Несмотря на свою не слишком завидную репутацию, Валентин Григорьевич состоял в довольно неплохих отношениях с другими учителями института. Помимо месье Пайротта Басланов сдружился с Аркадием Петровичем Авериным, преподавателем литературы. Именно с ним сейчас разговаривал историк, сидя на скамье возле институтского сада.
- Нет, безусловно, я понимаю, что все они еще совсем молодые и неопытные девицы, любящие грезить наяву, но не до такой же степени! А все эти стишки про вечную любовь и романы, где герой погибает с именем любимой на устах... Подобный вздор только мешает им нормально учиться! Они ведь не понимают, что подобные "высокие порывы" хороши только в мечтах и на бумаге. А в реальной жизни подобного не происходит уже давно.
- Да будет вам, Валентин Григорьевич, - Аверин улыбнулся, - Стихотворения наших классиков возвышают душу. А всякие бульварные книжонки в нашем заведении запрещены, их хранение является проступком и наказывается.
- Только я убежден, что многие ученицы их все-таки имеют, хотя и тщательно прячут от чужих глаз.
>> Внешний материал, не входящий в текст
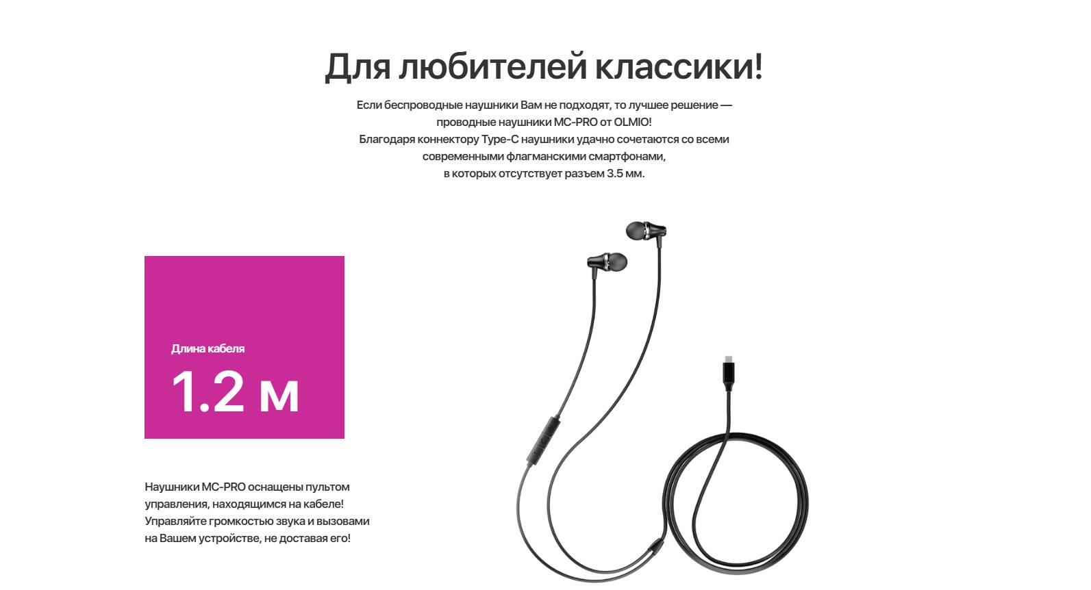 Проводные наушники OLMIO с микрофоном Type-C «MC-Pro» это высококачественный аудиоаксессуар, который обеспечивает отличное качество звука и удобство использования.

Я ведь уже столько раз замечал, как эти девушки, буквально спя на уроке, воображают себя царицами балов в окружении кавалеров, которые вот-вот вызовут друг-друга на дуэль ради благосклонности "прекрасной дамы".
- А что же в этом такого плохого? - не понял Аркадий Петрович.
- Да то, что на самом деле все обстоит иначе. Уж я это знаю, поверьте. Их всех выдадут замуж маменьки по расчету, за каких-нибудь стариков побогаче и познатнее. И будут потом сидеть дома, вести хозяйство, пока супруг не отойдет в мир иной, а затем начнется бурная жизнь светских вдов, которые уже сами выискивают себе любовничков помоложе и покрасивее...
- О, о чем вы шепчетесь здесь, точно барышни? - спросил француз, подойдя к скамье.
- Да так, о примитивности женского ума. - вяло ответил Басланов.
- Да что же вы такой cruel, в самом деле! Пойдемте лучше погуляем по саду, пока деревья еще не совсем облетели, там дальше пруд есть.

Странно, но едва услышав слово "пруд", Басланов резко поднялся и как-то уже сдавленно произнес:
- Нет, я... Я не пойду сейчас туда.
- Pourquoi? Там очень красиво: пруд слегка начинает затягиваться растениями, из-за чего его вода мутнеет постепенно... Он небольшой, право, но я слышал, там в каком-то месте есть омут и...
- Довольно! - Басланов почти сорвался на крик. - Я не могу туда пойти, я... Не люблю воду, особенно в озерах или прудах, для меня это... - мужчина взялся рукой за свою шею. - Тяжело.
- Что ж, как хотите. Всего доброго. - с этими словами Аверин и Пайротт ушли.
Валентин Григорьевич еще некоторое время смотрел им вслед, в дальнюю часть институтского сада, после чего развернулся и пошел прочь.